# WORK REQUIRED
For this exercise, transcribe all the entries exactly as given and omit the images.

# SOURCE RECORDS
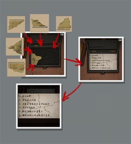 将所有的明信片放到桌上的盒子里,合成一张完整的明信片,获得地图线路线索。
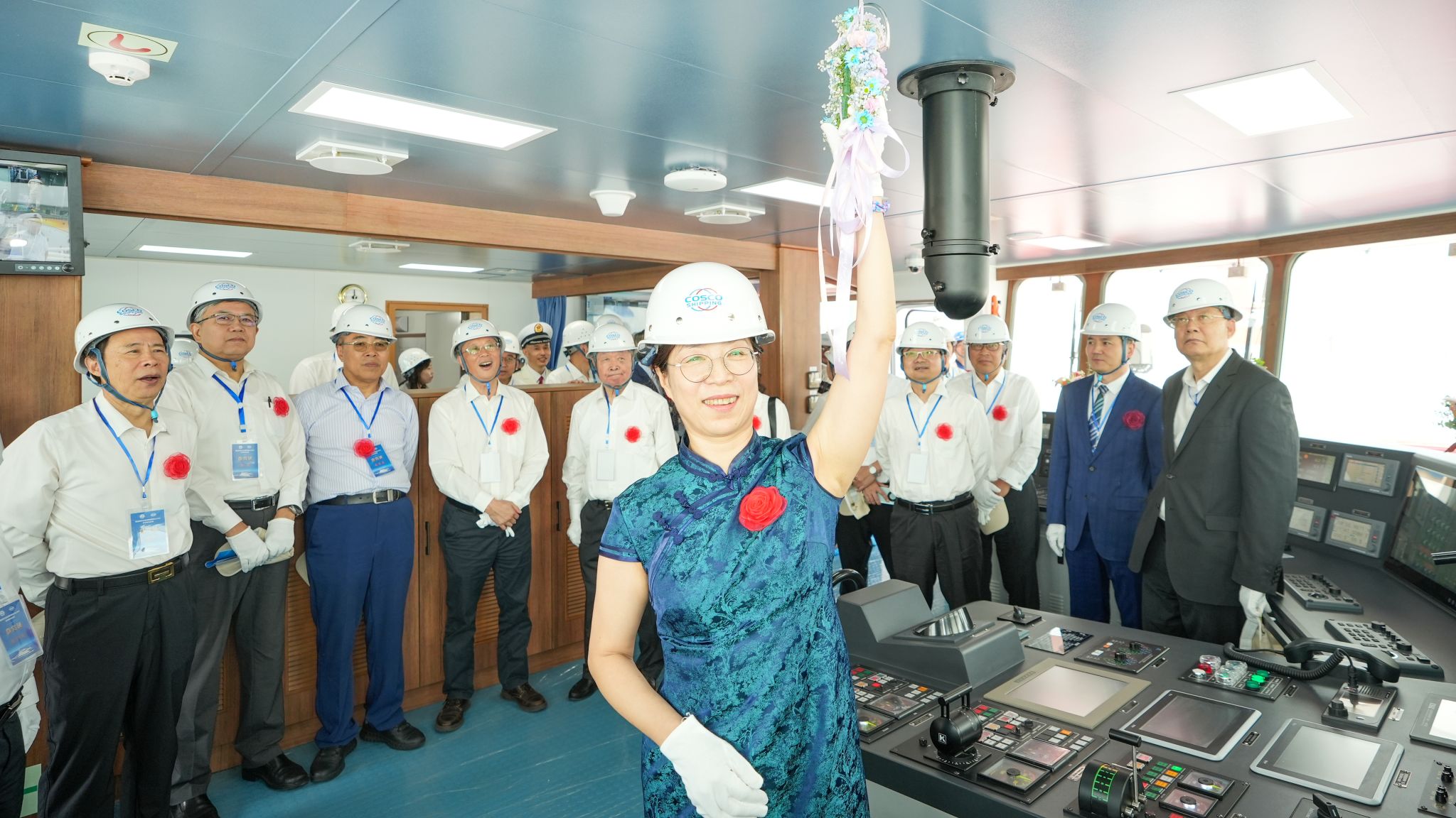 世俱杯sjb官网航海学院退休教师董华女士作为新船教母为“新红专”轮命名。
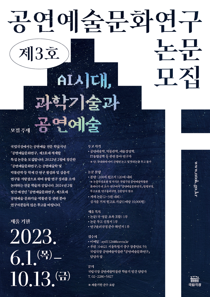 ![]() 국립극장 공연예술박물관은 공연예술·박물관·문화기술 등 학제 간 연구 활성화를 위해 전문 학술지 『공연예술문화연구』를 발간하고 있습니다. 『공연예술문화연구』제3호의 특집 주제 ‘AI시대, 과학기술과 공연예술’ 논문을 다음과 같이 모집합니다. 연구자분들의 많은 투고 바랍니다. 『공연예술문화연구』 제3호 특집 논문 모집 1. 모집주제: AI시대, 과학기술과 공연예술 2. 투고자격: 공연예술, 문화기술, 박물관, 예술경영 등 관련 분야 연구자 3. 원고기준: 200자 원고지 120매 내외 ※단, 국내외에 이미 간행된 논고 및 학위논문 투고 불가 ※ 심사를 거쳐 게재 확정된 논문에 원고료 지급. (1매당 10,000원) 4. 제출서류 ① 논문(국·영문 초록 포함) 1부 ② 논문 투고 신청서 1부 ③ 연구윤리규정 준수 확인서 1부 5. 제출기한: 2023년 6월 1일(목) - 2023년 10월 13일(금) 6. 접수처 이메일- ayd1124@korea.kr 우 편- (04621) 서울특별시 중구 장충단로 59, 국립극장 공연예술박물관 『공연예술문화연구』 담당자 앞 자세한 내용은 국립극장 홈페이지 공지사항(www.ntok.go.kr)을 참고하시기 바랍니다. ※문의: 국립극장 공연예술박물관 학술지 발간 담당자 (02-2290-5827)
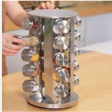 آشپزخانه ادویه گردان از جنس استنلس استیل 20 شیشه ای برای میز آشپزخانه تقویت کنید. این قفسه چرخان ادویه ساخته شده از فولاد ضد زنگ، 20 شیشه را در خود جای می دهد که پر از ادویه جات پر مصرف است. کوزه های موجود در سازمان دهنده ادویه ها از شیشه با درپوش های سفیددارای رویه های الک تر برای پخش آسان و بدون آشفتگی هنگام چاشنی غذا هستند. ادویه های موجود در قفسه ادویه شما ممکن است شامل ریحان، مرزنجوش، نمک سیر، گشنیز، رزماری، پونه کوهی و غیره باشد.
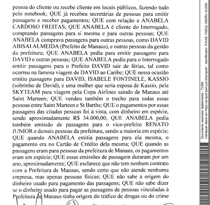 No depoimento, o empresário também citou o nome do ex-subsecretário de Obras, Valcerlan Ferreira Cruz, que atuou como ordenador de despesas da Secretaria Municipal de Infraestrutura (Seminf). Alcir Queiroga também declarou que Anabela Cardoso Freitas, presa na sexta-feira, 20, comprava passagens aéreas para parentes dos citados que, segundo ele, “orbitavam no entorno dessas pessoas”. O empresário afirmou ainda que a assessora pagava com cartão de crédito quando as passagens eram destinadas a ela própria, mas efetuava pagamentos em notas de R$ 100 e R$ 50,“sendo que, às vezes, havia notas de R$ 20”, quando os bilhetes eram para o prefeito de Manaus, David Almeida, e pessoas de sua confiança.
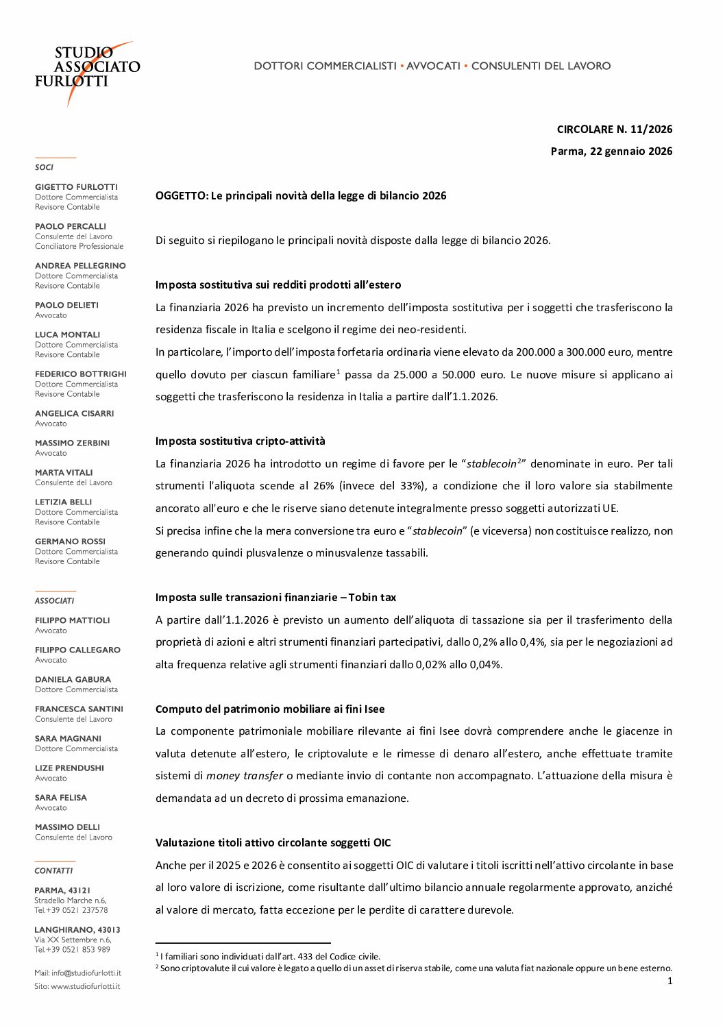 Circolare 2026.11 – Le principali novità della legge di bilancio 2026
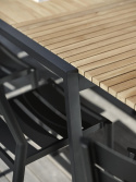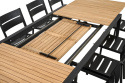 Ett lyxigt matbord som verkligen tar för sig och förlänger hemmet utåt. De snygga teakribborna förstärks av de raka stålbenen. Och för de stora sammankomsterna finns dolda förlängningsskivor som fälls fram med en läcker butterfly-lösning. Utfällt blir bordet hela 3,2 meter långt.
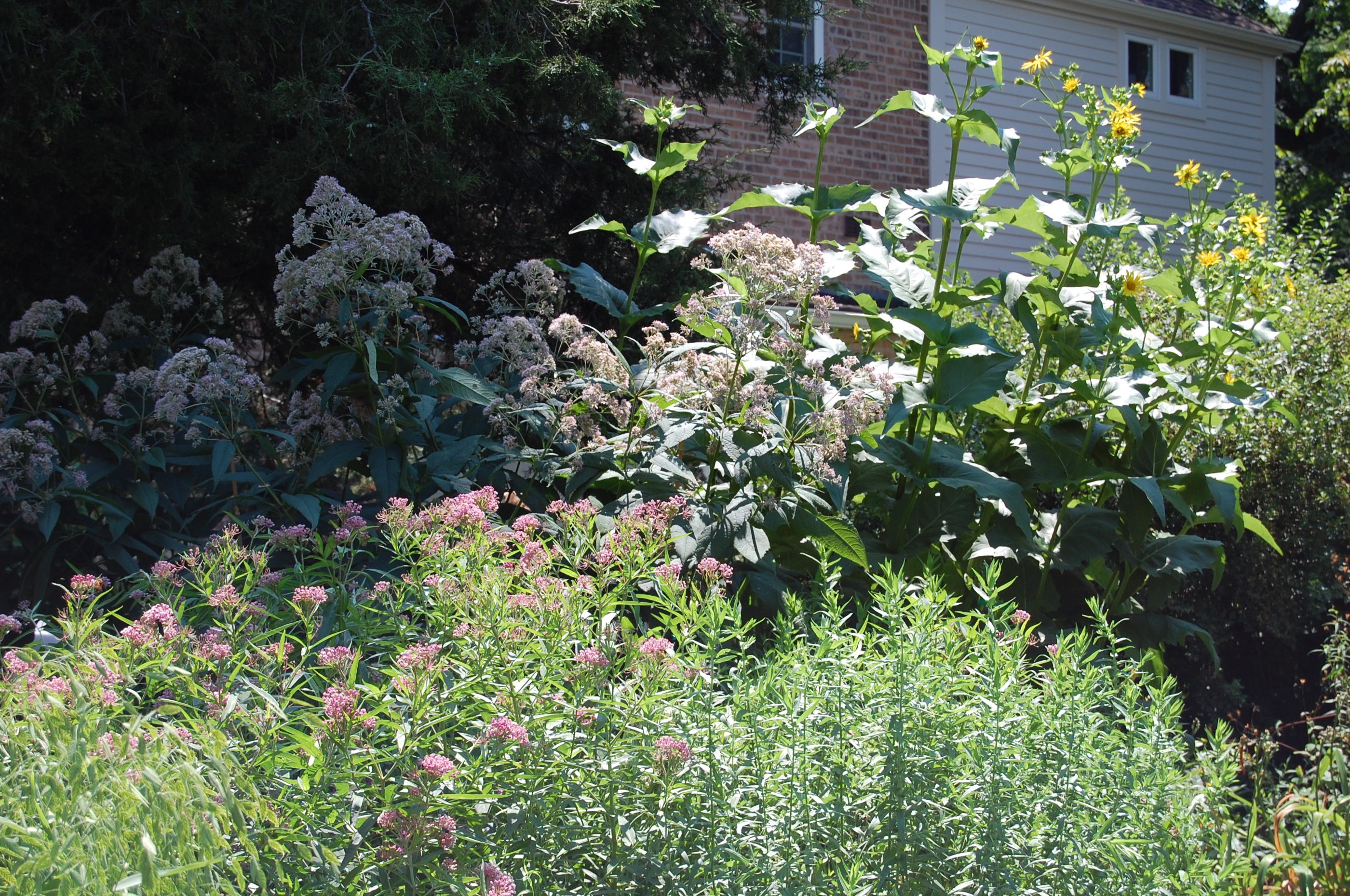 Godzilla and Megalon! I mean Cup Plant and Sweet Joe Pye Weed, standing tall behind Swamp Milkweed and New England Aster.
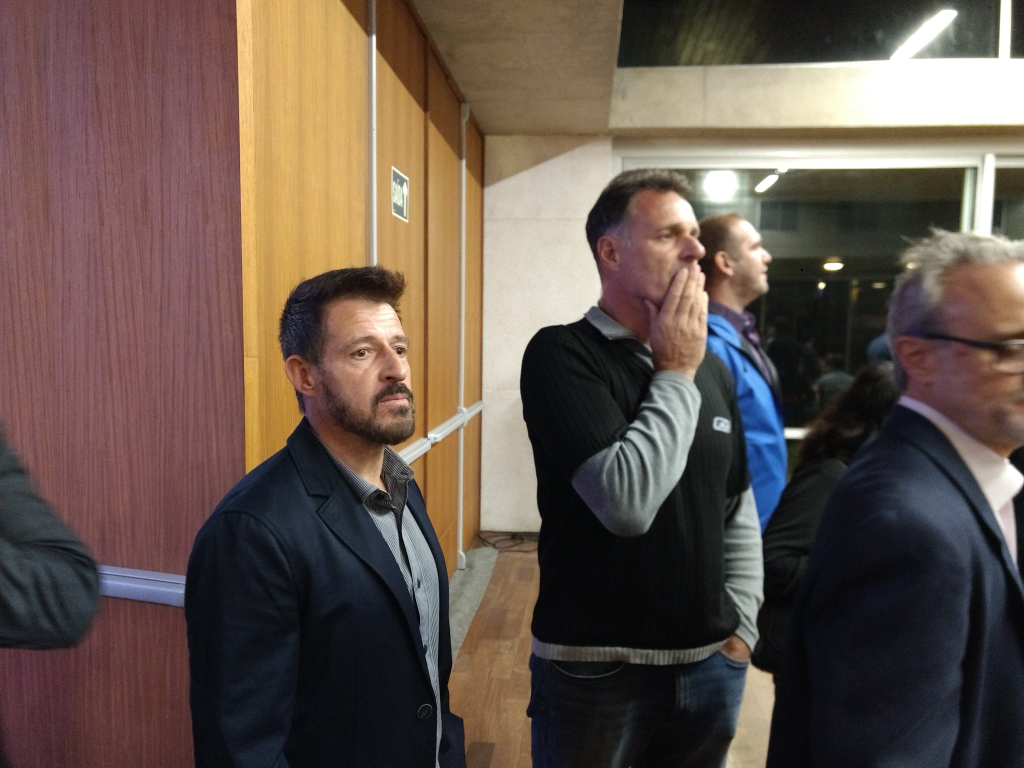 Campeões brasileiros, da Libertadores, do Estadual, do Torneio Rio-São Paulo pelo Vasco. Ramon e Carlos Germano chegam juntos ao auditório onde projeto do centro de treinamento será apresentado.
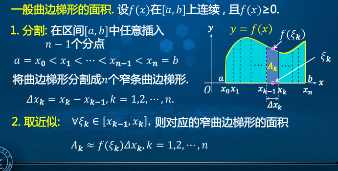 3. 一般曲边梯形面积的计算(思想:分割取近似,作和求极限)
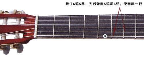 按住6弦5品,弹5弦和6弦,直到音高度一样
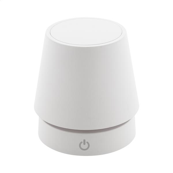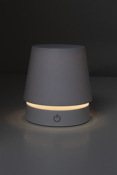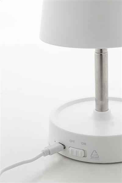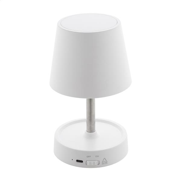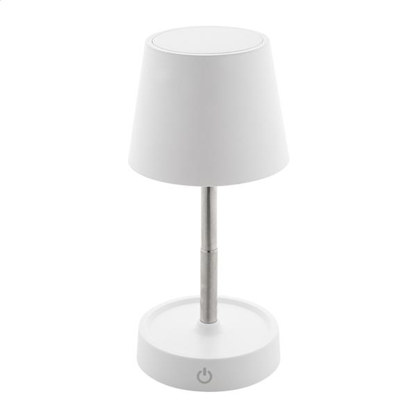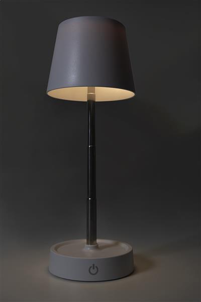 Teleskopowa lampa stołowa z recyklingowanego ABS z 12 diodami LED, regulowaną jasnością i akumulatorem USB o pojemności 1200 mAh. W zestawie kabel USB do ładowania.
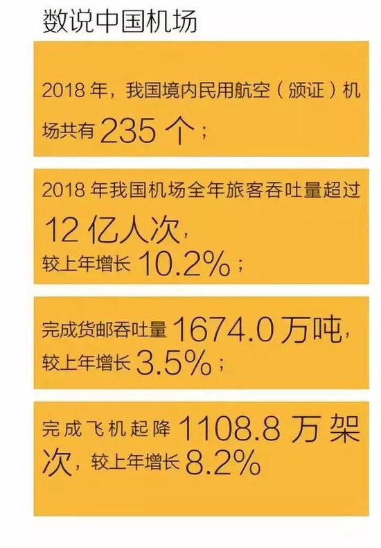 2018 年民航行业发展统计公报显示,截至2018年底,我国共有颁证运输机场235个,而全年新开工、续建机场项目174个,新增跑道6条、停机位305个,航站楼面积133.1万平方米。
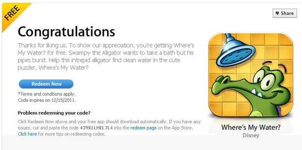 Una vez su propia página, te pedirá que guste. Después de que le gustaron, prensa obtener mi App gratuita. Presentará una nueva página. Pulse redimir ahora y que va a hacer una descarga automática a iTunes.
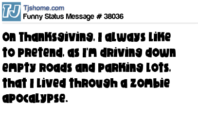 X is On Thanksgiving, I always like to pretend, as I'm driving down empty roads and parking lots, that I lived through a zombie apocalypse.
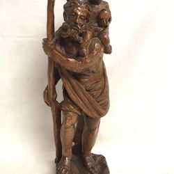 ANTIQUE 12" WOOD HAND CARVED PATRON SAINT ST CHRISTOPHER JESUS FIGURE STATUE$175Denver, CO
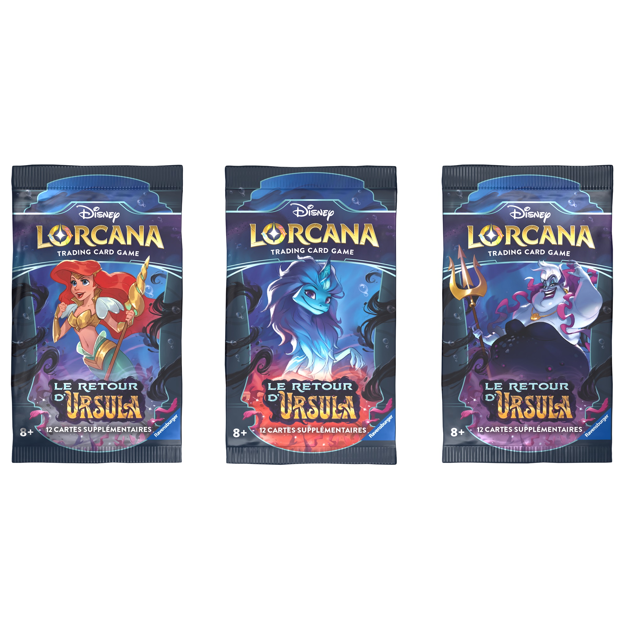Vivez l’émotion d’ouvrir un booster scellé Disney Lorcana ! Avec ses 12 cartes, ce booster Disney Lorcana : Le Retour d’Ursula vous fournira des cartes pour personnaliser votre deck actuel. Échangez avec vos amis pour multiplier les possibilités ! Découvrez de nouvelles cartes, renforcez vos stratégies et libérez le pouvoir de vos personnages préférés. Il existe 3 visuels de couverture de sachet différents, sans lien avec le contenu. Visuel aléatoire lors de la livraison. Chaque booster est composé de - 6 cartes communes - 3 cartes inhabituelles - 2 cartes rare, très rare ou légendaire - 1 carte brillante de rareté aléatoire parmi les plus de 200 cartes différentes de Disney Lorcana Chapitre 4 : Le Retour d’Ursula
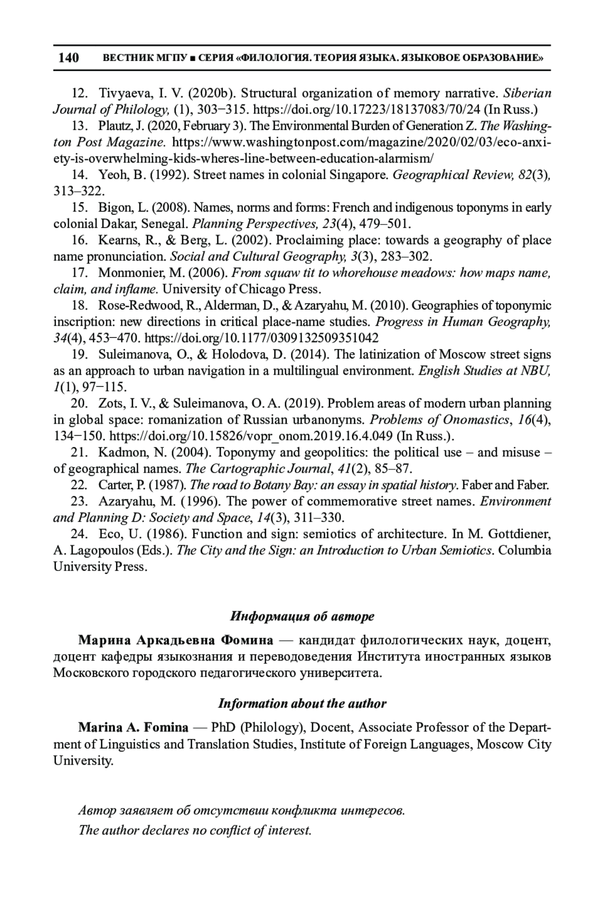 20. Зоц, И. В., & Сулейманова, О. А. (2019). Проблемные “зоны” современной урбанистики в глобальном пространстве: транслитерация урбанонимов. Вопросы ономастики, 16(4), 134-150. DOI: 10.15826/vopr_onom.2019.16A049 EDN: PNMWDP
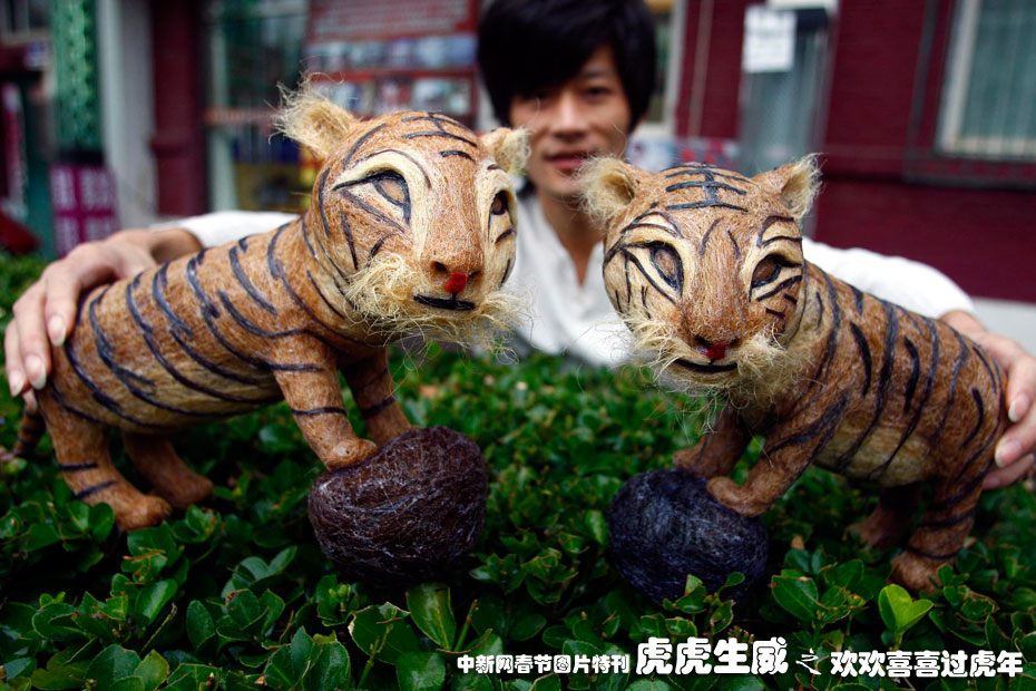 2009年11月9日,北京一位時尚發型設計師正在展示頭發絲作品“福虎神威”賀歲虎年。這是祖國60華誕之后的又一新作,四川青年理發師黃鑫用2.6公斤碎頭發制作了一對可愛逼真的“;ⅰ,歷時兩個多月的時間才完工。中新社發 鄭雄增 攝

# RESULT
 将所有的明信片放到桌上的盒子里,合成一张完整的明信片,获得地图线路线索。
 世俱杯sjb官网航海学院退休教师董华女士作为新船教母为“新红专”轮命名。
 ![]() 국립극장 공연예술박물관은 공연예술·박물관·문화기술 등 학제 간 연구 활성화를 위해 전문 학술지 『공연예술문화연구』를 발간하고 있습니다. 『공연예술문화연구』제3호의 특집 주제 ‘AI시대, 과학기술과 공연예술’ 논문을 다음과 같이 모집합니다. 연구자분들의 많은 투고 바랍니다. 『공연예술문화연구』 제3호 특집 논문 모집 1. 모집주제: AI시대, 과학기술과 공연예술 2. 투고자격: 공연예술, 문화기술, 박물관, 예술경영 등 관련 분야 연구자 3. 원고기준: 200자 원고지 120매 내외 ※단, 국내외에 이미 간행된 논고 및 학위논문 투고 불가 ※ 심사를 거쳐 게재 확정된 논문에 원고료 지급. (1매당 10,000원) 4. 제출서류 ① 논문(국·영문 초록 포함) 1부 ② 논문 투고 신청서 1부 ③ 연구윤리규정 준수 확인서 1부 5. 제출기한: 2023년 6월 1일(목) - 2023년 10월 13일(금) 6. 접수처 이메일- ayd1124@korea.kr 우 편- (04621) 서울특별시 중구 장충단로 59, 국립극장 공연예술박물관 『공연예술문화연구』 담당자 앞 자세한 내용은 국립극장 홈페이지 공지사항(www.ntok.go.kr)을 참고하시기 바랍니다. ※문의: 국립극장 공연예술박물관 학술지 발간 담당자 (02-2290-5827)
 آشپزخانه ادویه گردان از جنس استنلس استیل 20 شیشه ای برای میز آشپزخانه تقویت کنید. این قفسه چرخان ادویه ساخته شده از فولاد ضد زنگ، 20 شیشه را در خود جای می دهد که پر از ادویه جات پر مصرف است. کوزه های موجود در سازمان دهنده ادویه ها از شیشه با درپوش های سفیددارای رویه های الک تر برای پخش آسان و بدون آشفتگی هنگام چاشنی غذا هستند. ادویه های موجود در قفسه ادویه شما ممکن است شامل ریحان، مرزنجوش، نمک سیر، گشنیز، رزماری، پونه کوهی و غیره باشد.
 No depoimento, o empresário também citou o nome do ex-subsecretário de Obras, Valcerlan Ferreira Cruz, que atuou como ordenador de despesas da Secretaria Municipal de Infraestrutura (Seminf). Alcir Queiroga também declarou que Anabela Cardoso Freitas, presa na sexta-feira, 20, comprava passagens aéreas para parentes dos citados que, segundo ele, “orbitavam no entorno dessas pessoas”. O empresário afirmou ainda que a assessora pagava com cartão de crédito quando as passagens eram destinadas a ela própria, mas efetuava pagamentos em notas de R$ 100 e R$ 50,“sendo que, às vezes, havia notas de R$ 20”, quando os bilhetes eram para o prefeito de Manaus, David Almeida, e pessoas de sua confiança.
 Circolare 2026.11 – Le principali novità della legge di bilancio 2026
 Ett lyxigt matbord som verkligen tar för sig och förlänger hemmet utåt. De snygga teakribborna förstärks av de raka stålbenen. Och för de stora sammankomsterna finns dolda förlängningsskivor som fälls fram med en läcker butterfly-lösning. Utfällt blir bordet hela 3,2 meter långt.
 Godzilla and Megalon! I mean Cup Plant and Sweet Joe Pye Weed, standing tall behind Swamp Milkweed and New England Aster.
 Campeões brasileiros, da Libertadores, do Estadual, do Torneio Rio-São Paulo pelo Vasco. Ramon e Carlos Germano chegam juntos ao auditório onde projeto do centro de treinamento será apresentado.
 3. 一般曲边梯形面积的计算(思想:分割取近似,作和求极限)
 按住6弦5品,弹5弦和6弦,直到音高度一样
 Teleskopowa lampa stołowa z recyklingowanego ABS z 12 diodami LED, regulowaną jasnością i akumulatorem USB o pojemności 1200 mAh. W zestawie kabel USB do ładowania.
 2018 年民航行业发展统计公报显示,截至2018年底,我国共有颁证运输机场235个,而全年新开工、续建机场项目174个,新增跑道6条、停机位305个,航站楼面积133.1万平方米。
 Una vez su propia página, te pedirá que guste. Después de que le gustaron, prensa obtener mi App gratuita. Presentará una nueva página. Pulse redimir ahora y que va a hacer una descarga automática a iTunes.
 X is On Thanksgiving, I always like to pretend, as I'm driving down empty roads and parking lots, that I lived through a zombie apocalypse.
 ANTIQUE 12" WOOD HAND CARVED PATRON SAINT ST CHRISTOPHER JESUS FIGURE STATUE$175Denver, CO
Vivez l’émotion d’ouvrir un booster scellé Disney Lorcana ! Avec ses 12 cartes, ce booster Disney Lorcana : Le Retour d’Ursula vous fournira des cartes pour personnaliser votre deck actuel. Échangez avec vos amis pour multiplier les possibilités ! Découvrez de nouvelles cartes, renforcez vos stratégies et libérez le pouvoir de vos personnages préférés. Il existe 3 visuels de couverture de sachet différents, sans lien avec le contenu. Visuel aléatoire lors de la livraison. Chaque booster est composé de - 6 cartes communes - 3 cartes inhabituelles - 2 cartes rare, très rare ou légendaire - 1 carte brillante de rareté aléatoire parmi les plus de 200 cartes différentes de Disney Lorcana Chapitre 4 : Le Retour d’Ursula
 20. Зоц, И. В., & Сулейманова, О. А. (2019). Проблемные “зоны” современной урбанистики в глобальном пространстве: транслитерация урбанонимов. Вопросы ономастики, 16(4), 134-150. DOI: 10.15826/vopr_onom.2019.16A049 EDN: PNMWDP
 2009年11月9日,北京一位時尚發型設計師正在展示頭發絲作品“福虎神威”賀歲虎年。這是祖國60華誕之后的又一新作,四川青年理發師黃鑫用2.6公斤碎頭發制作了一對可愛逼真的“;ⅰ,歷時兩個多月的時間才完工。中新社發 鄭雄增 攝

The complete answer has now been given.